Work order: From the first line of the material to the line containing "房丽、刘百奎不动产权证书/登记证明作废公告", inclusive, write out each line exactly, leaving out the pictures.

Data shown:
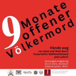 Wir sehen uns am Samstag, 13.07.2024, um 18 Uhr am Stephansplatz! Am nächsten Samstag sind es 281 Tage, mehr als NEUN MONATE, dass das israelische Regime seine schon über sieben Jahrzehnte bestehenden illegalen Maßnahmen und Verbrechen gegen das palästinensische Volk zum offenen Völkermord intensiviert hat. ☠☠☠ Das tut das israelische Regime unverschämt, unbestraft und ohne Sanktionen. Dazu genießt es die deutliche Unterstützung der österreich ...
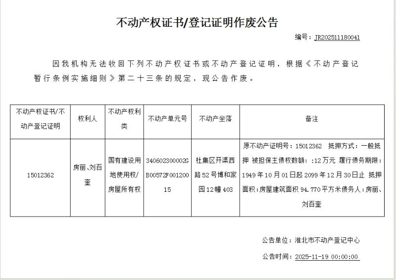 房丽、刘百奎不动产权证书/登记证明作废公告
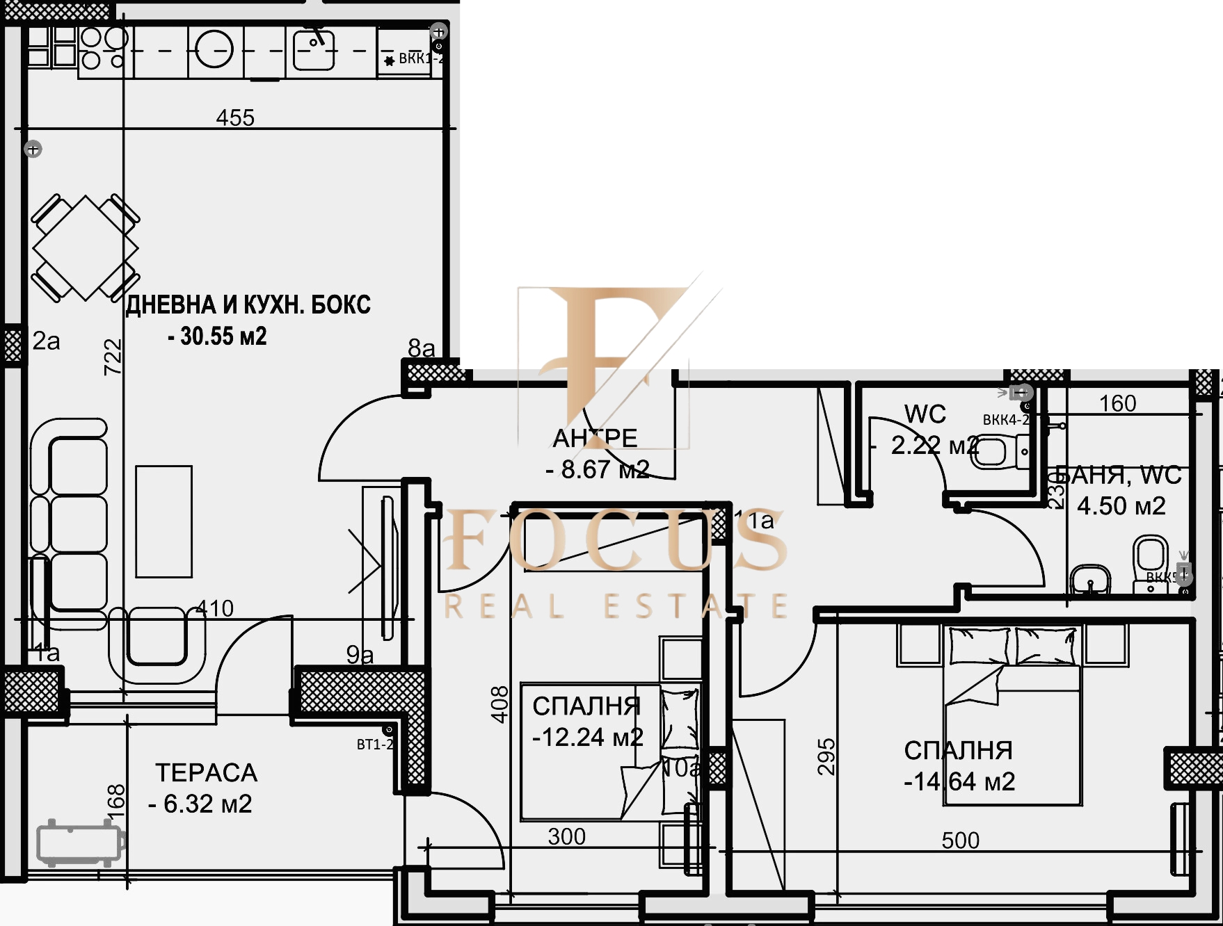 Апартаментът е с обща площ от 111,41 кв.м. със следното разпределение: антре, хол с кухненски бокс, две спални, баня с тоалетна, отделна тоалетна и тераса.

Task answer:
 Wir sehen uns am Samstag, 13.07.2024, um 18 Uhr am Stephansplatz! Am nächsten Samstag sind es 281 Tage, mehr als NEUN MONATE, dass das israelische Regime seine schon über sieben Jahrzehnte bestehenden illegalen Maßnahmen und Verbrechen gegen das palästinensische Volk zum offenen Völkermord intensiviert hat. ☠☠☠ Das tut das israelische Regime unverschämt, unbestraft und ohne Sanktionen. Dazu genießt es die deutliche Unterstützung der österreich ...
 房丽、刘百奎不动产权证书/登记证明作废公告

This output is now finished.